LinkedIn’s founder envisions Microsoft merger to enable an even better LinkedIn


There is still very little clarity on how the Microsoft’s purchase of LinkedIn will help the software giant. It seems however that LinkedIn’s founder Reid Hoffman, who owns 11% of the company and is still actively involved in its running, including being chairman of LinkedIn’s board, has a clear vision of how Microsoft can help LinkedIn.

Besides is role at LinkedIn Reid is also a well-liked Silicon Valley entrepreneur, being a partner at the venture firm Greylock, and advises numerous startups and nonprofits including Airbnb and Mozilla. He’s written two best-selling business books, and is working on a third. Though he’s chairman of LinkedIn’s board, he hasn’t had a job at the company since he appointed Jeff Weiner CEO seven years ago. But that hasn’t stopped Hoffman, who still owns 11% of LinkedIn’s shares, from showing up to work there almost every day.

In an interview with BackChannel he explained that he plans to help transform LinkedIn, which will continue to operate as an independent company, from the jobseekers’ front door that it has long been into the perfect path to future economic prosperity for all workers, especially the beleaguered middle class.

Reid felt a better LinkedIn was essential to help the work force, increasingly under threat from automation, keep up with technological progress.

“Does your workforce keep up? Does the middle class stay intact or grow? LinkedIn allows professionals, including the middle class, to invest in themselves in order to find the right jobs. That essentially can help make them prosperous.”

“The key thing for me has always been how we realize the mission?—?enabling every professional in the world to change their own economic curve by the strength of their alliances and connections with other people. That’s always been our true north,” he said.  “Combined with Microsoft, we can do so much more. We do a lot with companies and we enable companies and individuals to connect because it’s very valuable to both of them. But we start with the individual professional. Microsoft starts with the company?—?with helping the organization be productive. Putting those two things together amplifies both sides. It is somewhat of the classic peanut butter and chocolate combination, which is that it works really well together.”

He noted that Microsoft has an amazing stack of technology, and that for LinkedIn to really help Microsoft’s customers, the people doing work inside corporations, the level of integration has to be so deep that this just made more sense to merge than simply partner.

He envisioned a future where LinkedIn would offer every member a personal assistant for their career.

“Members could ask: what are the skills that are going to be really important to me in three to five years?
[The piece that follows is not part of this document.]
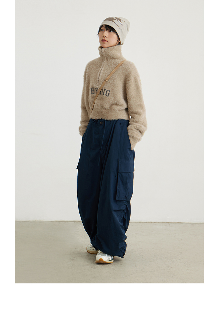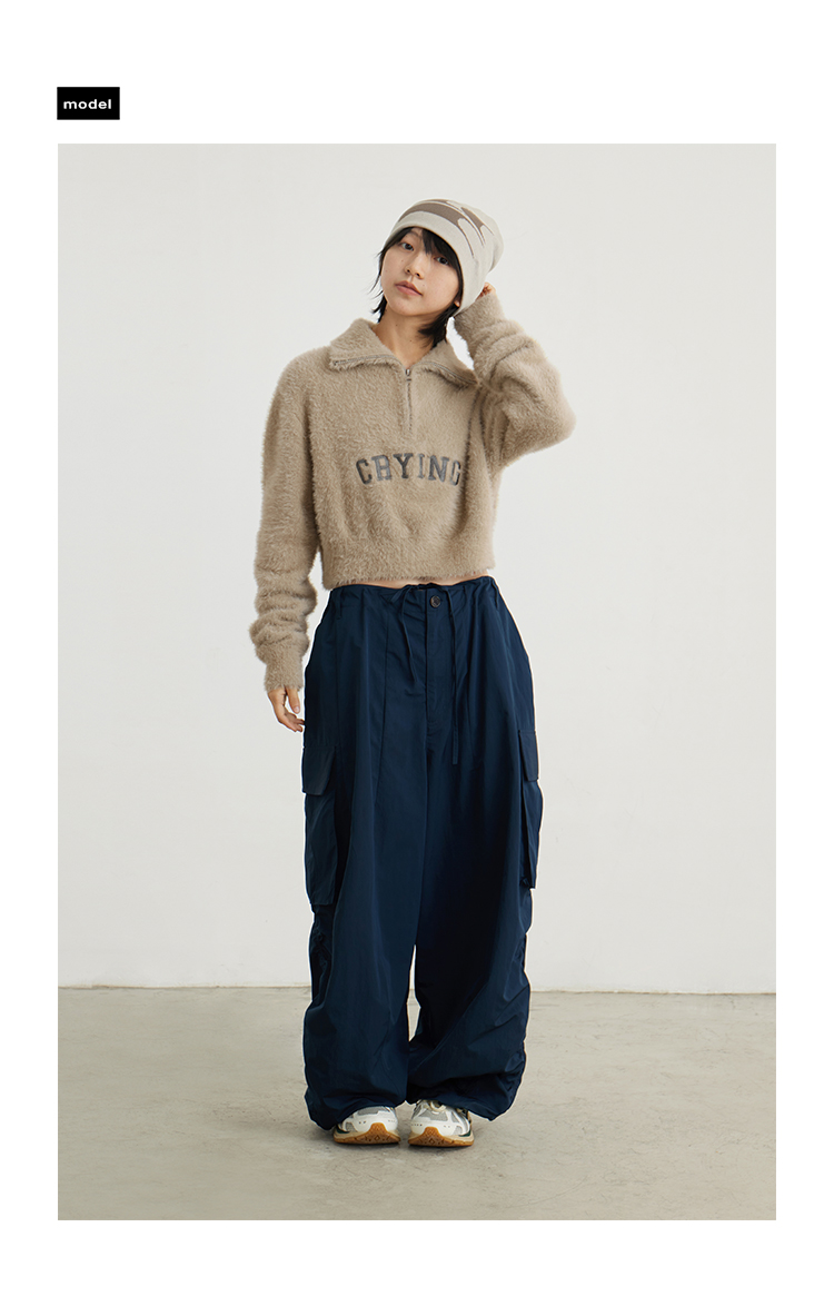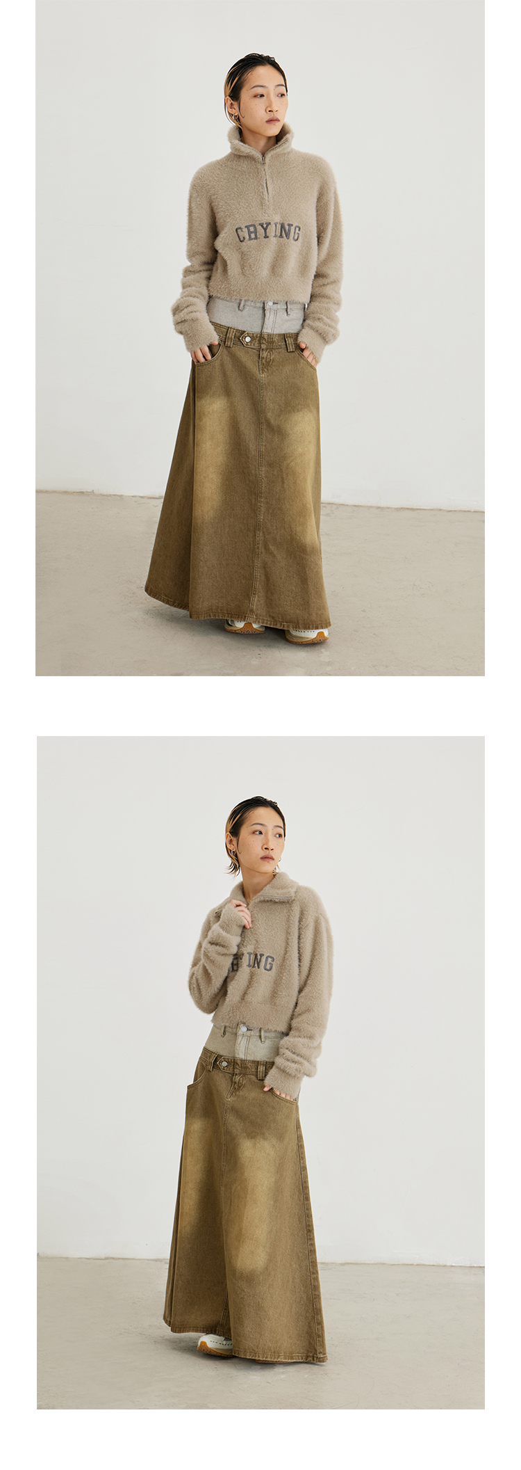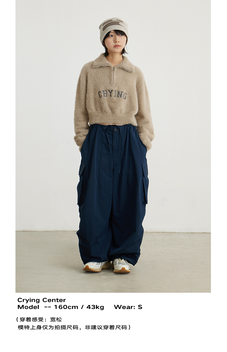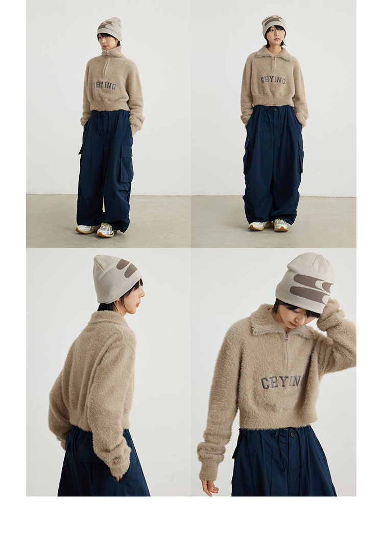 CryingCenter 卡其软糯仿浣熊毛绒高领拉链领毛衣 哭喊中心

What is the best way to develop those? Which courses both here and across the internet would be the right ones to do? Which would be the people in my network at one, two and three degrees that I should connect with? Which LinkedIn groups are the most valuable for doing that?”

Reid notes that by partnering with Microsoft, that kind of future goes from “oh well maybe someday we’ll do that” to “maybe we can start deploying technology on that very soon.”

He said in addition to LinkedIn being valuable in its own right, the combination with Microsoft could amplify a number of Microsoft’s strategies.

“It’s funny, one of the thing things that I remember my cofounders and I talking about literally the first month after we launched in ’03 was, ‘what is the thing we’d most like to have happen to accomplish our mission?’ It was integration in Outlook,” he said.